Intersect, Except, Union, All and Any

  • Sorry, it was a bit drastic to say it always gives better performance, I should have said normally gives same performance or better. In the example case of the article I got a 75 % reduction in query time. In my experience the EXISTS scales better than NOT IN when there are many rows in the NOT IN / EXISTS table. For production environments EXISTS is a safer solution than NOT IN. In my opinion. 🙂

    Johan

  • Dear David,

    Thanks for detailed explanation – I use your article as reference for all these topics. Unfortunately unlike your conclusion for EXPECT case I found situation where NOT IN gives dramatically worst performance:

    I try to compare local and remote table. For both cases EXCEPT and LEFT JOIN it gives roughly the same performance. See here:

    [EXCEPT]

    SELECT ac.Article_Code

    FROM relAC ac

    EXCEPT

    SELECT Code

    FROM [SRV-DCI-PRAHA].[DCI].[dciowner].Products

    [font="Courier New"]

    Local table: Scanning a clustered index, entirely or only a range.

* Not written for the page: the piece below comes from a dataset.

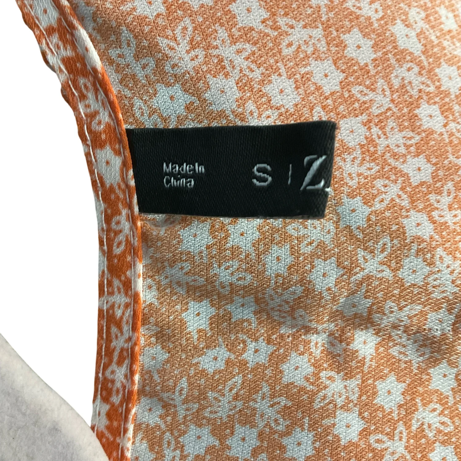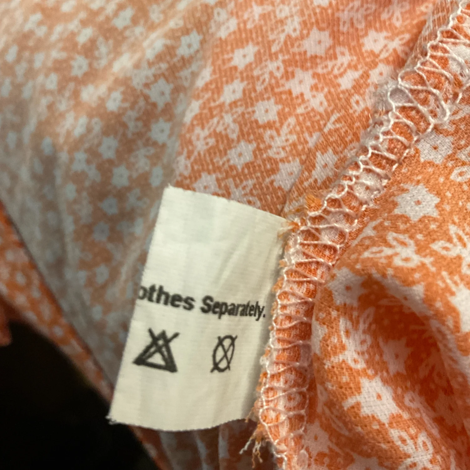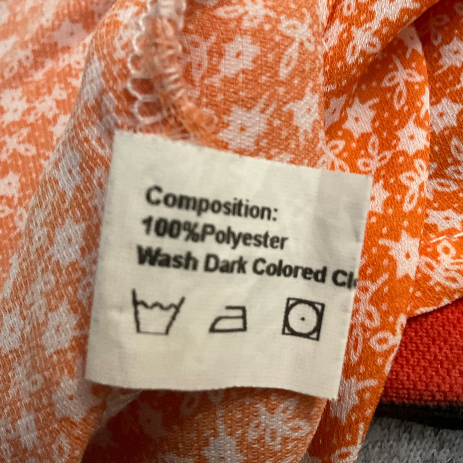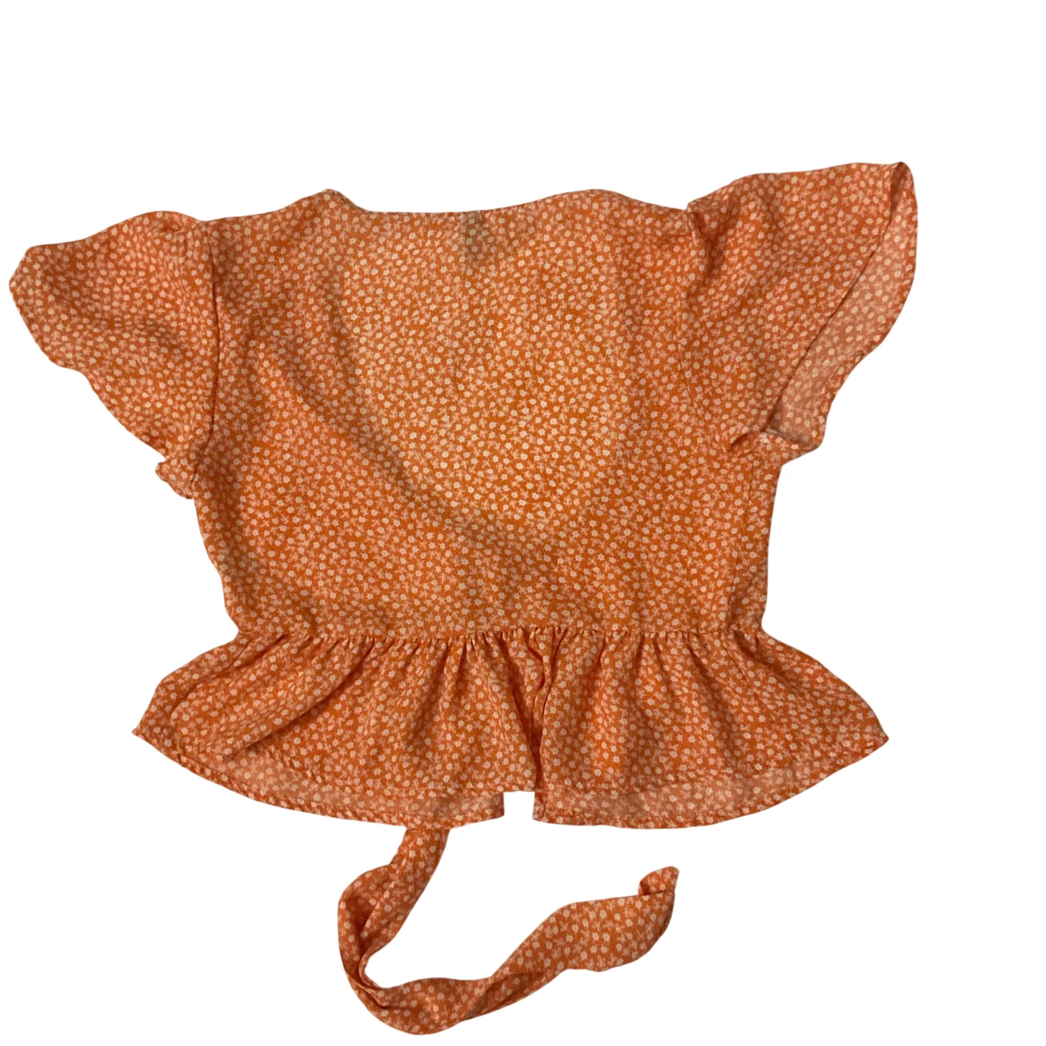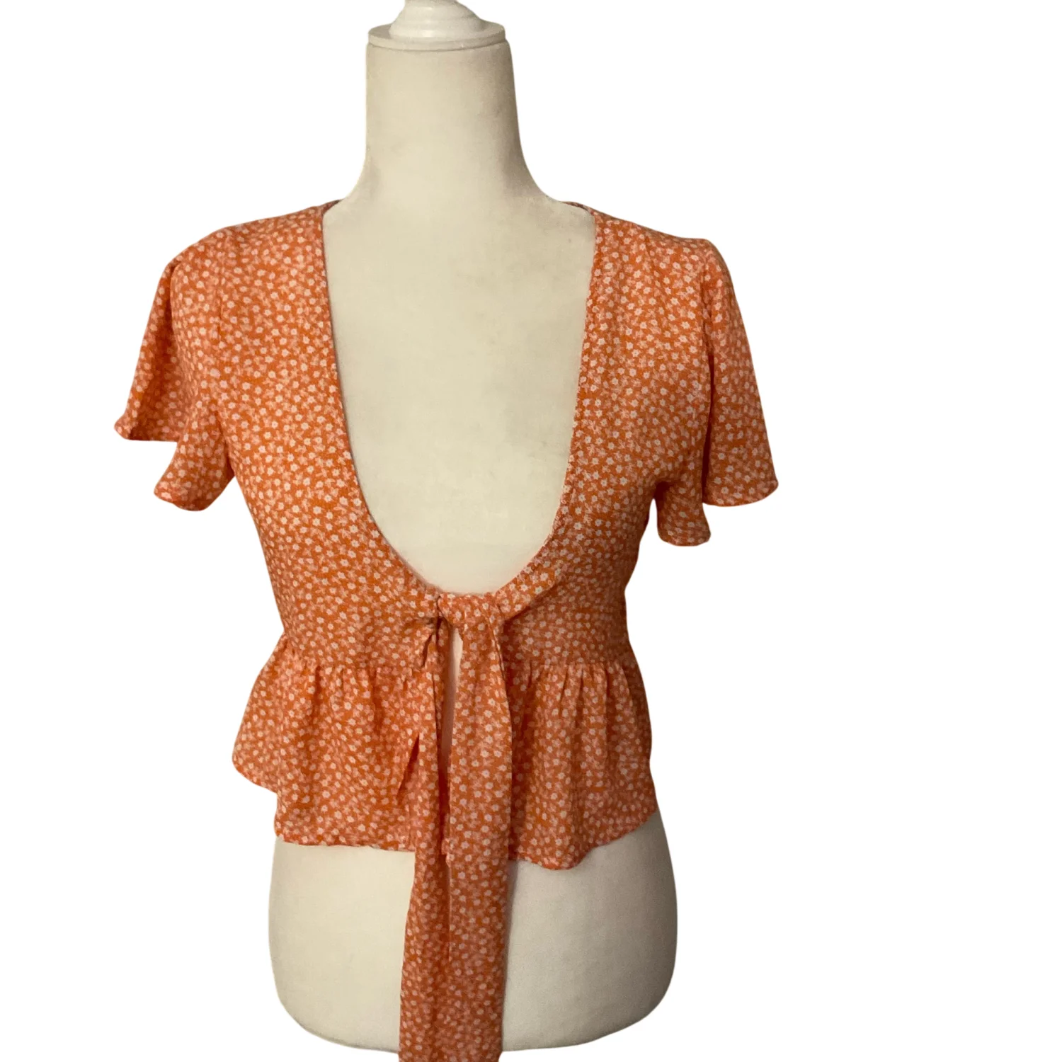 Style: Tie front, ruffled flutter sleeve blouse Color: Orange/ White Size: 4 Armpit: 15” Length: 18” Condition: Good 100% Polyester Machine wash
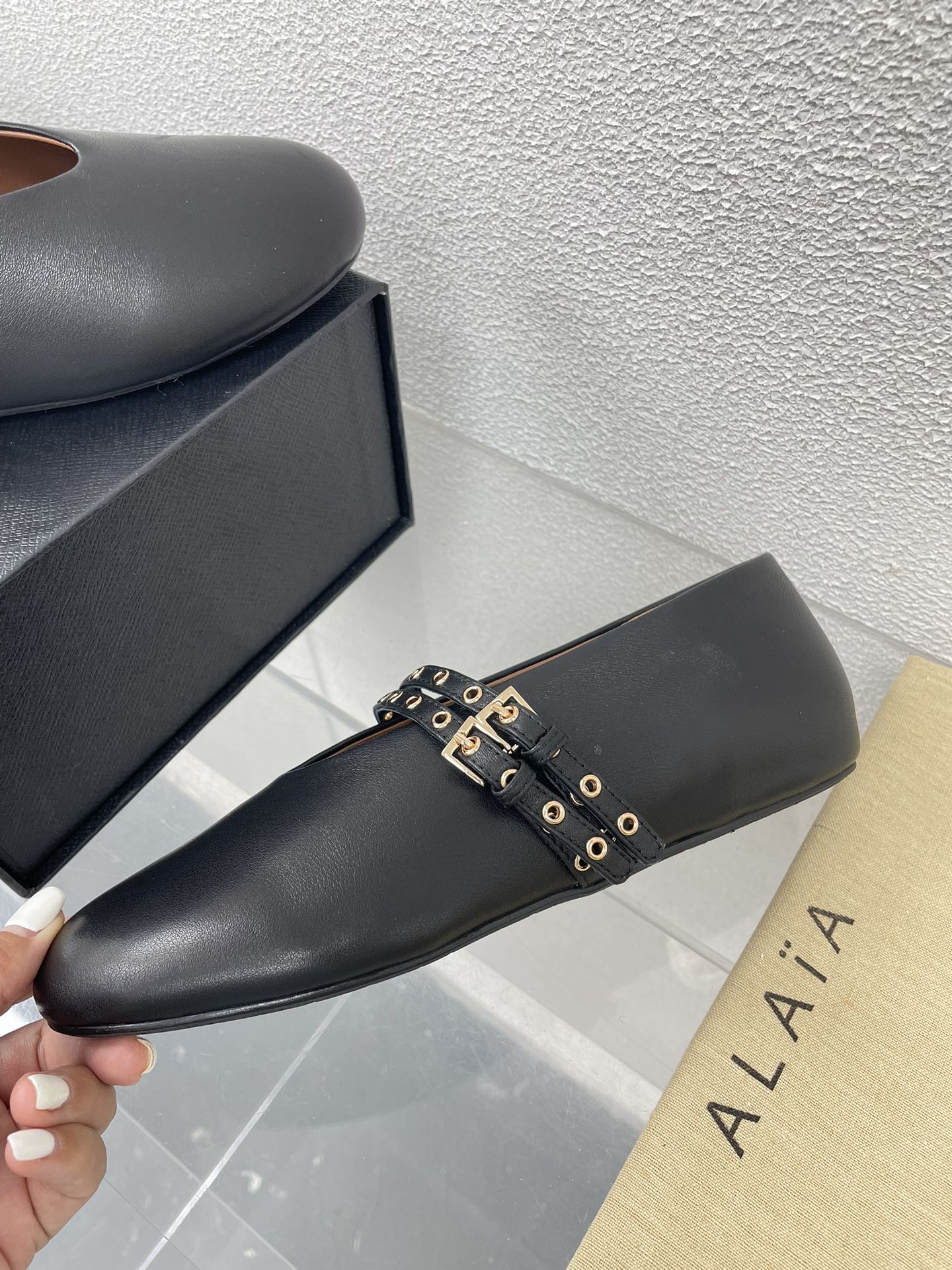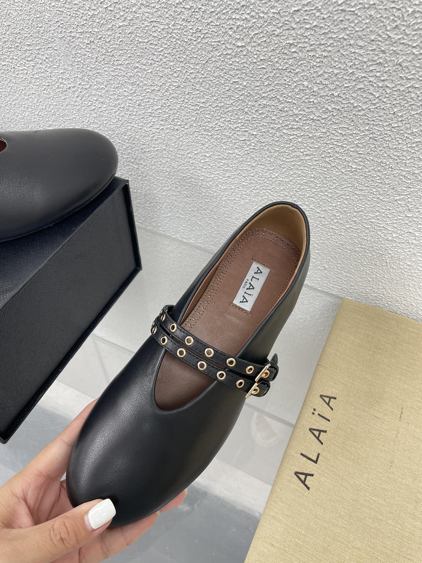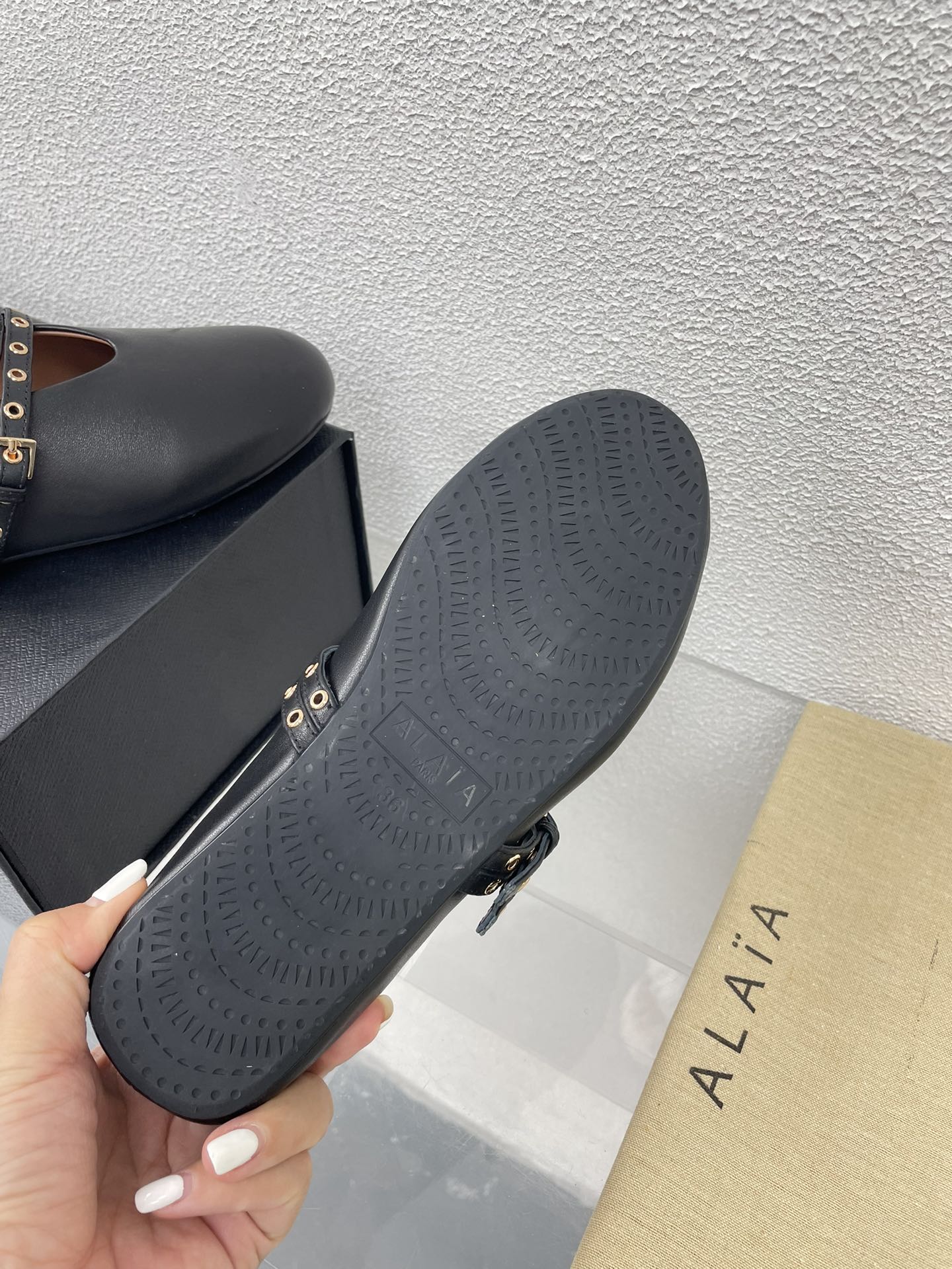 这款鞋子是AAAAA 1:1 质量 (非常棒). 使用了和原版一模一样的材料. 商标部分也保持了和Alaia一样. 图片拍摄是实物鞋子拍摄, 您所收到的实物保证和我们图片一模一样.

    Remote Table: Send a SQL query to another than the current SQL Server.

    Remote Table: Compute new values from existing values in a row.

    Both: Match rows from two suitably sorted input tables exploiting their sort order.[/font]

    Cost = 48,5442

    SELECT ac.Article_Code

    FROM relAC AS ac

    LEFT JOIN [SRV-DCI-PRAHA].[DCI].[dciowner].Products AS pr

    ON ac.Article_Code = pr.Code

    WHERE pr.Code IS NULL

    [font="Courier New"]

    Local table: Scanning a clustered index, entirely or only a range.

    Remote Table: Send a SQL query to another than the current SQL Server.

    Remote Table: Compute new values from existing values in a row.

    Both: Match rows from two suitably sorted input tables exploiting their sort order

    Both: Restricting the set of rows based on a predicate.[/font]

    Cost = 48,6391

    [NOT IN]

    Unfortunately using of NOT IN generates local temporary table for better performance for rewinds and generate Nested Loops for each row of local table for comparison of each row in temporary table. These loops dramatically impair performance of actual query. See Execution Plan here:

    SELECT ac.Article_Code

    FROM relAC ac

    WHERE ac.Article_Code NOT IN (

    SELECT Code

    FROM [SRV-DCI-PRAHA].[DCI].[dciowner].Products

    [font="Courier New"]

    Local table: Scanning a clustered index, entirely or only a range.

    Remote Table: Send a SQL query to another than the current SQL Server.

    Remote Table: Compute new values from existing values in a row.[/font]

    [font="Courier New"]Remote Table: Stores the data from the input into a temporary table in order to optimize rewinds.

    Both: For each row in the top (outer) input, scan the bottom (inner) input, and output matching rows.[/font]

    Cost = 77826,3!!

    Petr

    __________________________________
    Standing on the shoulders of giants ...

  • Thanks for the feedback. I haven't tried it with a linked server query.

    Where possible I base my articles and experiments on the sample databases Adventureworks, Northwind or Pubs simply because they provide a consistent base for people to peer review what I am doing.

    One of the most important scientific practises is to put up, not only the results but also the experiment itself up for review. It is quite easy to devise a flawed experiment and put too much store in a set of results produced by that experiment.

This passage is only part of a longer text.